DESTINO: 90s é uma nova rubrica do Maisfutebol: recupera personagens e memórias dessa década marcante do futebol. Viagens carregadas de nostalgia e saudosismo, sempre com bom humor e imagens inesquecíveis. DESTINO: 90s.

CARECA, SPORTING E FAMALICÃO, de 1990 a 1993

No início da década de noventa, no segundo ano do primeiro mandato, Sousa Cintra tem ambições desmedidas para o Sporting. O empresário que começara a carreira a vender caracóis no Algarve sonha com uma equipa campeã: por isso vai ao Brasil resgatar um número dez de seleção brasileira.

A escolha recaiu em Careca: estrela do Cruzeiro, campeão mineiro, treze vezes internacional. Dois anos antes tinha vestido o número dez da seleção brasileira de Romário, Bebeto e Neto nos Jogos Olímpicos de Seul. «Eu era um dos nomes grandes do futebol brasileiro», recorda ao Maisfutebol.

Sousa Cintra fez a viagem até Belo Horizonte e regressou com Careca no mesmo voo. «Havia outras equipas interessadas, mas preferi o Sporting. Sousa Cintra era muito persuasivo.» À chegada a Lisboa, o presidente do Sporting estava radiante. Foi ainda na Portela que soltou a frase histórica.

«Temos aqui Careca, que é meio Eusébio e meio Pelé.»

A frase colou-se ao reforço brasileiro que nem pastilha elástica. Ainda hoje Careca é aquele reforço que era suposto ser meio Eusébio e meio Pelé. «Aquilo ganhou uma enorme proporção», recorda Careca à distância de mais de vinte anos. «Essas palavras se tornaram-se um peso em cima de mim.»

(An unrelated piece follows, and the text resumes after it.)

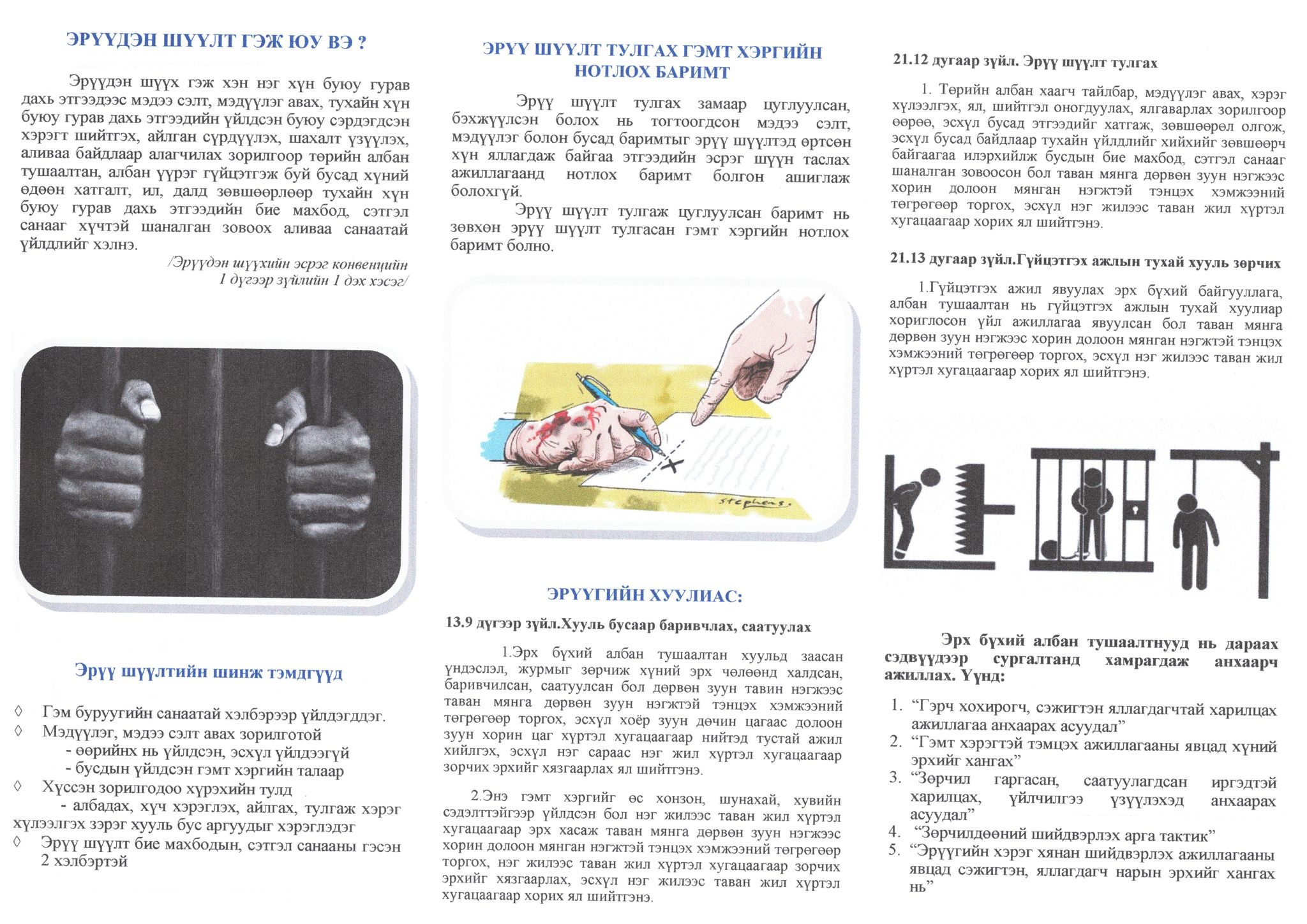Сургалтаар “Эрүүдэн шүүх болон бусад хэлбэрээр хэрцгий, хүнлэг бусаар буюу хүний нэр төрийг доромжлон харьцаж шийтгэхийн эсрэг конвенц” болон Эрүүгийн хуулийн 13.9 дүгээр зүйлд заасан “Хууль бусаар баривчлах, саатуулах”, мөн хуулийн 21.12 дугаар зүйлд заасан “Эрүү шүүлт тулгах” гэмт хэргийн талаарх ойлголтыг өгчээ.

«Na altura não fiquei surpreendido com o que ele disse: entendi que ele estava a referir-se à minha fisionomia. Ainda hoje acho que ele estava a dizer que tinha parecenças físicas com eles. Mas a imprensa entendeu que ele estava a falar das qualidades futebolísticas e essa ideia perseguiu-me.»

Careca, com memórias de Bebeto e Romário

Careca haveria depois desse dia de tornar-se numa das maiores desilusões do Sporting: na primeira época ainda marca dez golos, na segunda faz apenas dois jogos e zero golos. No final do segundo ano é emprestado ao Famalicão: no norte do país volta a não se afirmar e acaba por voltar ao Brasil.

«Devia ter feito mais, sem dúvida. Comecei muito bem, fiz um golo logo na primeira jornada ao V. Guimarães, mas com a chegada do inverno travei a adaptação. O futebol português era diferente, os campos estavam molhadas, não dava para jogar com tanta qualidade técnica. Nunca mais fui eu.»

O discurso de Carioca faz todo o sentido, realmente.

Era um médio ofensivo ao estilo de Sócrates: parecia jogar em bicos de pés. Não era rápido ou técnico, mas tinha bons pés e surgia muitas vezes em zonas de remate. Um jogador, enfim, tipicamente brasileiro. Por isso nunca se adaptou ao futebol português, e aos relvados pesados.

Para a história ficou de resto um vídeo de Sousa Cintra, no balneário antes do jogo com o Bolonha, a fumar charuto e gritar: «Tens de mostrar a estes italianos que tu não és uma merda qualquer». Hoje ao lembra-se desse episódio Careca ri-se. «Isso era normal nele», confessa com um sorriso.

«As coisas não estavam a correr-me bem e ele queria que eu mostrasse a toda a gente que o Careca tinha futebol dentro dele. Mas de Sousa Cintra eu só posso falar bem. Era muito bacano e era adorado por todos os jogadores do grupo. Era muito positivo, muito audacioso. Marcou-me muito.»

Vinte anos depois Careca não tem nenhuma mágoa com o futebol europeu.